I spotted one difference: EFO_0005517, which is 'RIP-chip by array' in the list while the label is 'RIP-Chip by array' in efo. Is letter case an issue here: 'c' vs 'C'?

Well spotted! We're indeed using the lower case version. Probably different casing doesn't cause issues in our pipeline. https://www.ebi.ac.uk/arrayexpress/search.html?query=%22RIP-Chip+by+array%22+ Was this always the case? Then the difference didn't have any impact on our pipelines.

ghost commented 2 years ago

I spotted one difference: EFO_0005517, which is 'RIP-chip by array' in the list while the label is 'RIP-Chip by array' in efo. Is letter case an issue here: 'c' vs 'C'?

Well spotted! We're indeed using the lower case version. Probably different casing doesn't cause issues in our pipeline. https://www.ebi.ac.uk/arrayexpress/search.html?query=%22RIP-Chip+by+array%22+ Was this always the case? Then the difference didn't have any impact on our pipelines.

It seems like it was written with 'C' at least since Oct 2021: https://github.com/EBISPOT/efo/issues/1296

I could not find the original term request.

ghost commented 2 years ago

@anjaf, @paolaroncaglia, thank you for all the feedback on this ticket. The changes made are detailed in PR #1483.

paolaroncaglia commented 2 years ago

@bvarner-ebi @anjaf

I spotted one difference: EFO_0005517, which is 'RIP-chip by array' in the list while the label is 'RIP-Chip by array' in efo. Is letter case an issue here: 'c' vs 'C'?

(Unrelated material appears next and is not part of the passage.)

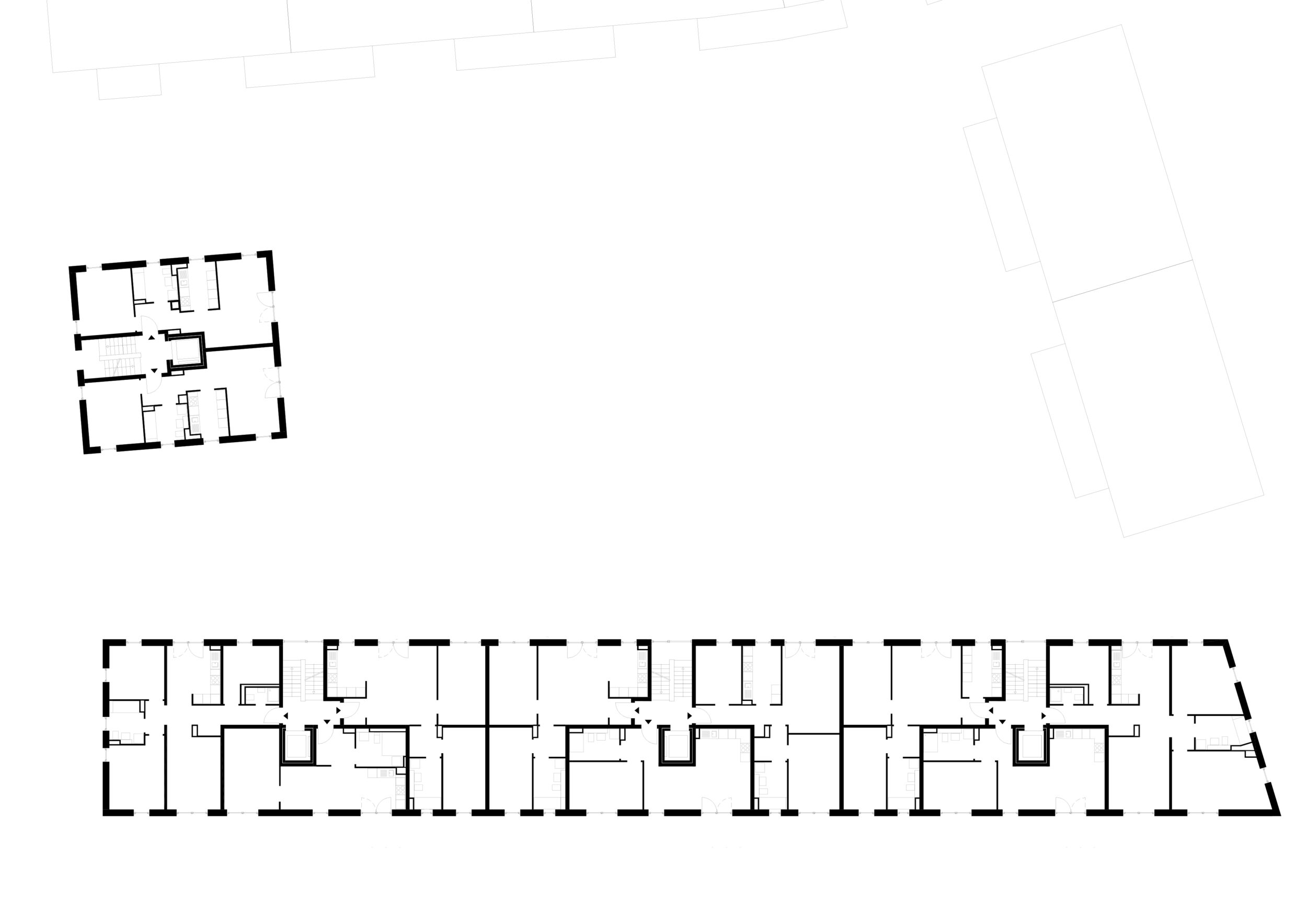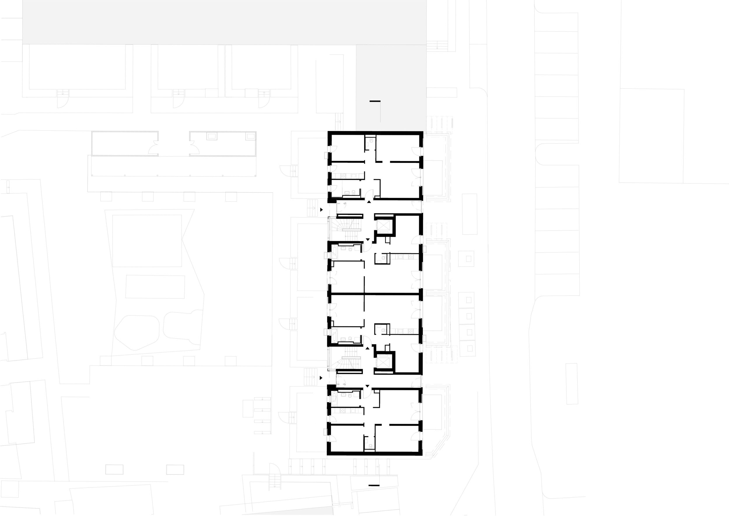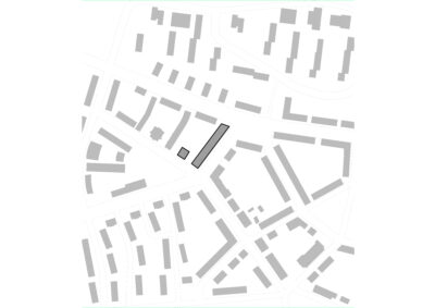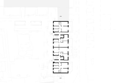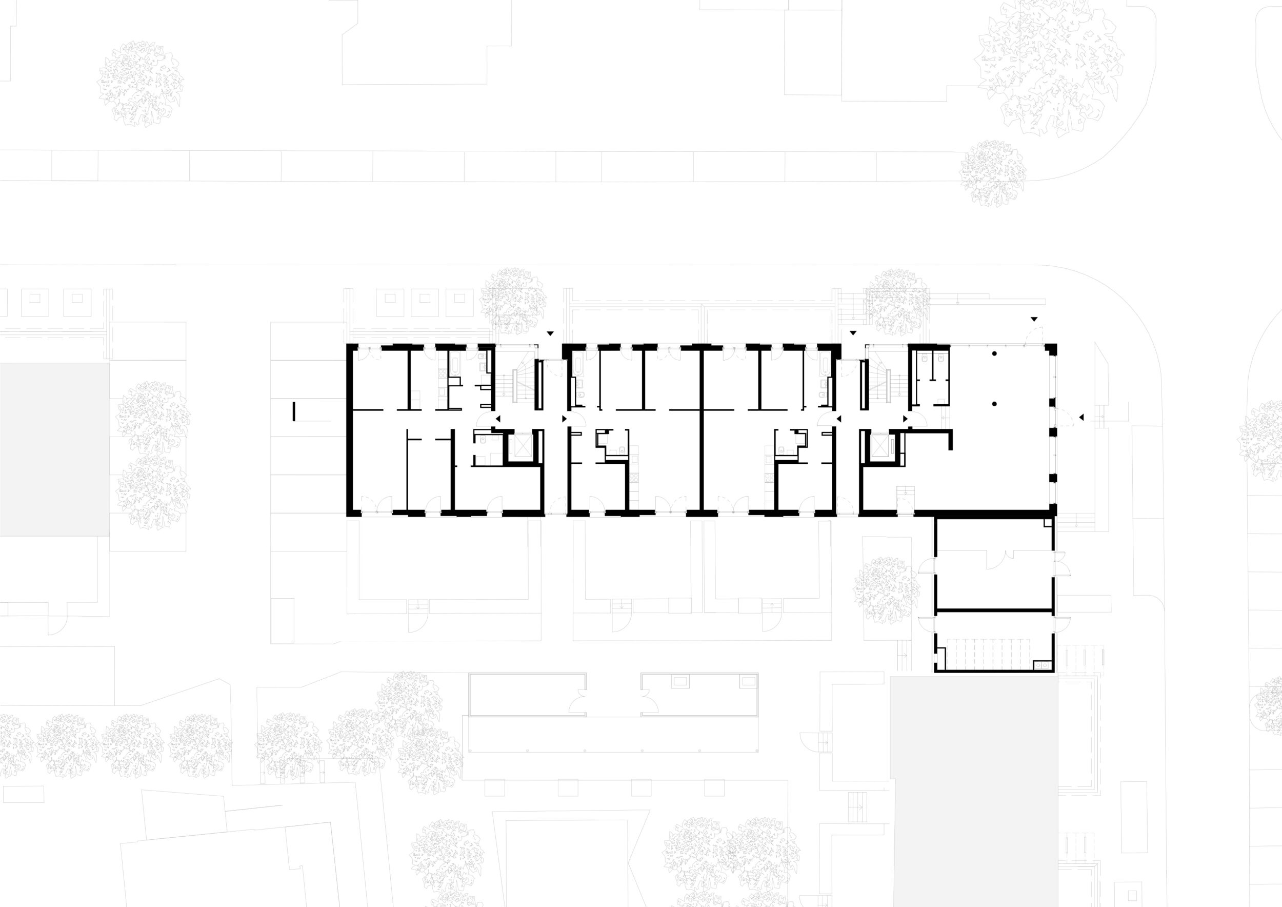 Das tiefe Grundstück wird mit einzelnen Häusern für Studenten, Pendler und Senioren bebaut. Die Kommunikation untereinander wird dadurch ermöglicht, ohne dass sie erzwungen wird. Das Projekt ist auch für kinderfreundliches Familienwohnen geeignet.
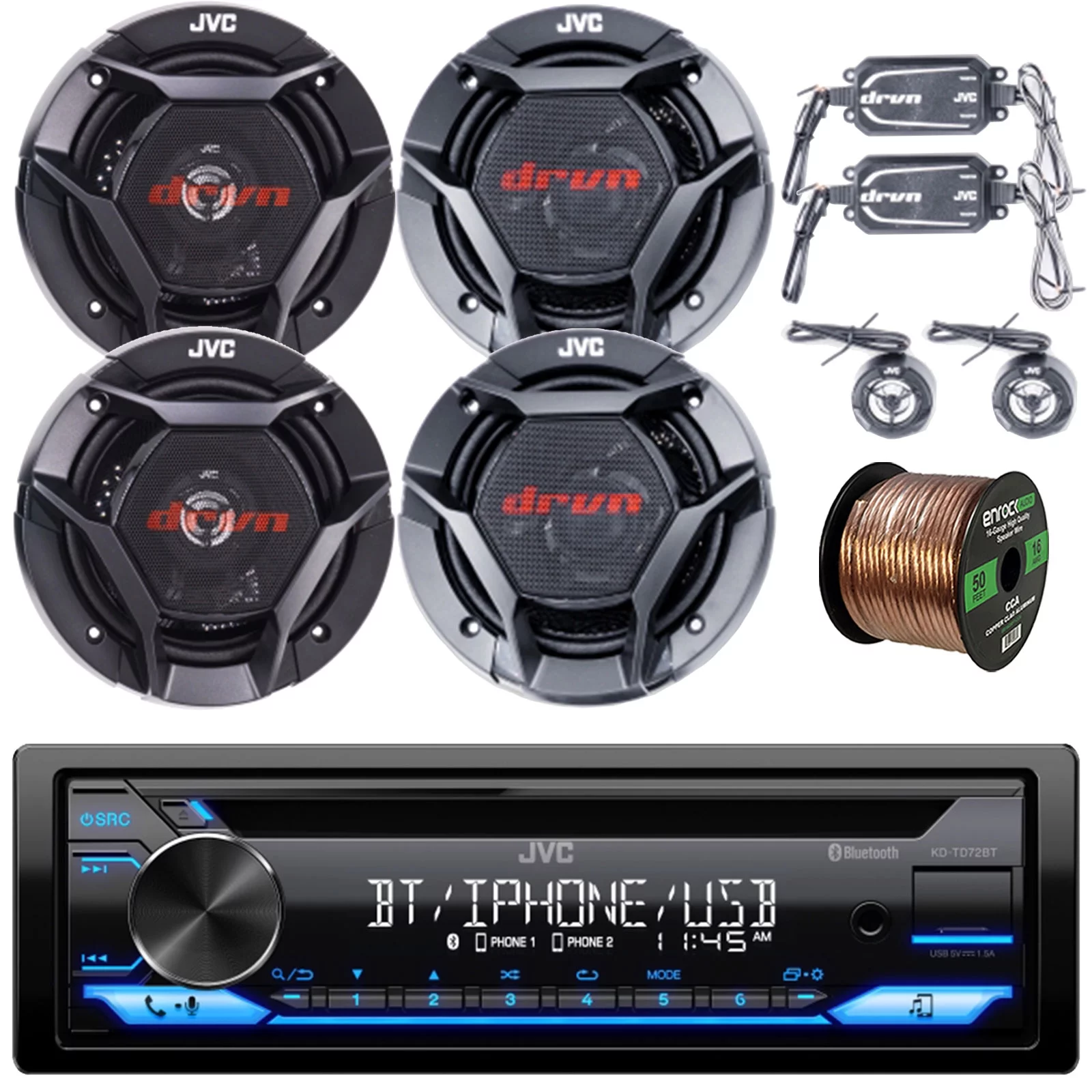 JVC KD-TD72BT Single DIN Bluetooth USB AUX AM/FM Radio CD Player Receiver Bundle with 2x 6.5" 2-Way 360W Peak Car Audio Component Speakers, 2x 6.5" Coaxial 300W Max Vehicle Speakers, Speaker Wire

Well spotted! We're indeed using the lower case version. Probably different casing doesn't cause issues in our pipeline. https://www.ebi.ac.uk/arrayexpress/search.html?query=%22RIP-Chip+by+array%22+ Was this always the case? Then the difference didn't have any impact on our pipelines.

It seems like it was written with 'C' at least since Oct 2021: #1296

I could not find the original term request.

EFO trivia: the term was created by Drashtti, who left EBI in 2015. It's possible that the label has stayed that way since then.